London was the capital of the electricity of the mind – Geoffrey Grigson, BBC Home Service, 1957 [2].
In one of the classic “Eureka Moments” that illustrates the symbiosis between art, science, creative intuition and hypothesis testing, in 1958, the guitarist Link Wray jammed a sharpened pencil into the speaker cone of a guitar amplifier, to create that iconic soundtrack for American street violence, the instrumental rock n’ roll track The Rumble [3, 4]. In 1962, The Who guitarist Pete Townshend attended artist Gustav Metzger’s lecture on Auto-Destructive Art (The Struggle for the Machine Arts of the Future) at Ealing Art College [5], destroying his guitar, for the first time, live on-stage at the Railway Hotel in Harrow Wealdstone in Sept 1964 [6]. In 1966, The Who managers Kit Lambert and Chris Stamp signed the Jimi Hendrix Experience, and Jimi Hendrix, then resident in London’s Mayfair, and under the influence of both The Who and of contemporary science fiction, incorporated his work with electric guitar feedback into his first album Are You Experienced in 1967 [7].

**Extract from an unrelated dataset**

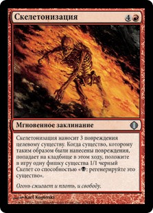 | Rules | Skeletonize deals 3 damage to target creature. When a creature dealt damage this way dies this turn, create a 1/1 black Skeleton creature token with ": Regenerate this creature." |

In this way, deliberate “errors”, in terms of shattering the conventional norms of musicianship and recording studio technique, provided the initial spark and substance for whole new vistas of creative exploration and sonic art-forms.

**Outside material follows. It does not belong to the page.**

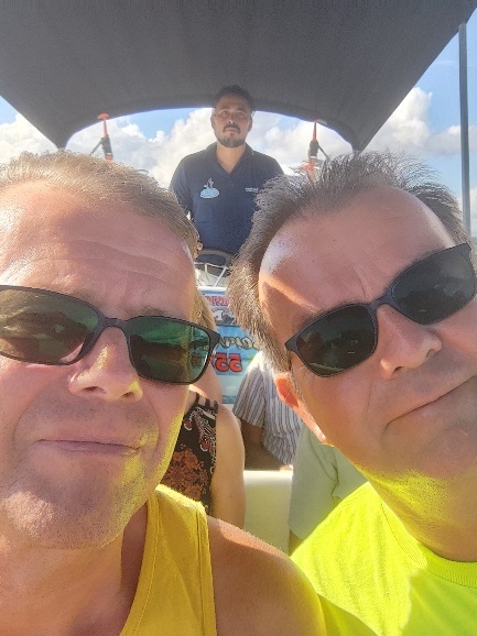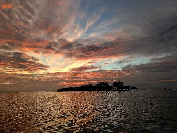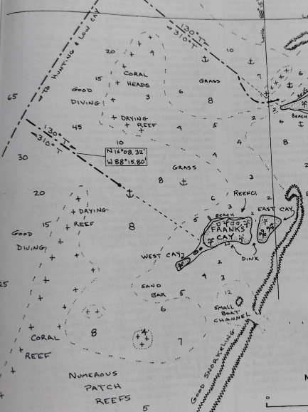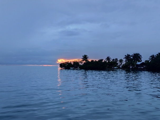 Das versprochene Restaurant ist zwischenzeitlich geschlossen und Besucher auf der Insel wenig willkomen. Wir bleiben an Bord und machen es uns gemütlich. Am nächsten morgen freuen wir uns über den Sonnenaufgang und machen un zeitig los zu den Frank Cays, diese liegen ca. 20 Seemeilen östlich am Außenriff Belizes.

In this spirit, sonic arts project Disinformation exhibited the “National Grid” sound installation in the basement of the Museum of Installation (art gallery) in Deptford, London, July 1997 [8, 9]. In the opening event, attended by Gustav Metzger, the pure musical note of live mains electricity – the raw mains hum that manifests in malfunctioning guitar amplifiers, guitar pick-ups and guitar leads, etc – was intercepted using a VLF-converted shortwave radio and transformed into a rhythmically pulsing, hypnotic and immersive low-frequency sound mass – a musical soundtrack for the creative genius of electrification.

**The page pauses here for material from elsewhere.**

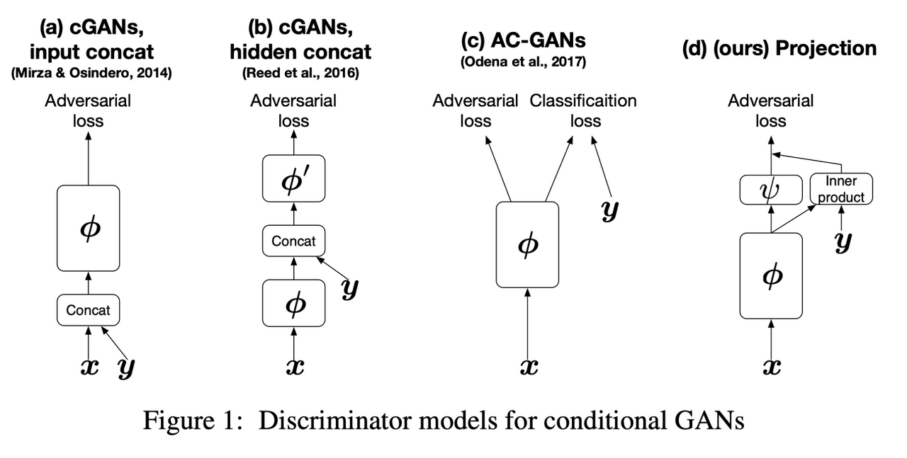 projection discriminator는 아래의 그림의 (d)를 보면 이해가 갈텐데

With a nod to the Farsight Collective’s extreme proximity to the guitar shops in London’s Denmark Street, this latest iteration of “National Grid” sends the pure 50Hz note of live mains electricity, direct from a mains electrical transformer, into an audio mixer, electric guitar pedal, amplifier and sub-bass loudspeaker. Using a simple electronic version of the micro-tuning techniques devised by the 18th century composer Giuseppe Tartini, the guitar pedal transforms electromagnetic noise from live alternating current into a monolithic, ultra-minimalist rumble that also simulates the rhythms of that most anthropomorphic of all musical phenomena – the beating of the human heart.
Exhibited in the massive subterranean space beneath the Farsight Collective, the “National Grid” sound artwork articulates the architectural acoustics of its own exhibition space, creating both sympathetic resonances, and also standing waves, which visitors “play” by means of their own movements through and interactions with the acoustic space.
As Jimi Hendrix said after his performance at the legendary Woodstock Music & Art Fair in 1969, we play it the way the air is in America today – the air is slightly static [10]. As the science fiction author William F. Temple wrote in Woolwich in 1951, the air itself seemed to be oscillating with electricity [11]. As Gustav Metzger said in Deptford on July 5, 1997, this is a good piece.
The event runs on Friday, 11 Oct 2024, at 6 pm and on Saturday, 12, and Sunday, 13, by appointment at Farsight Collective, 4 Flitcroft Street, London WC2H 8DJ. NB: visitors will be escorted into the underground space by designated Farsight Collective employees only.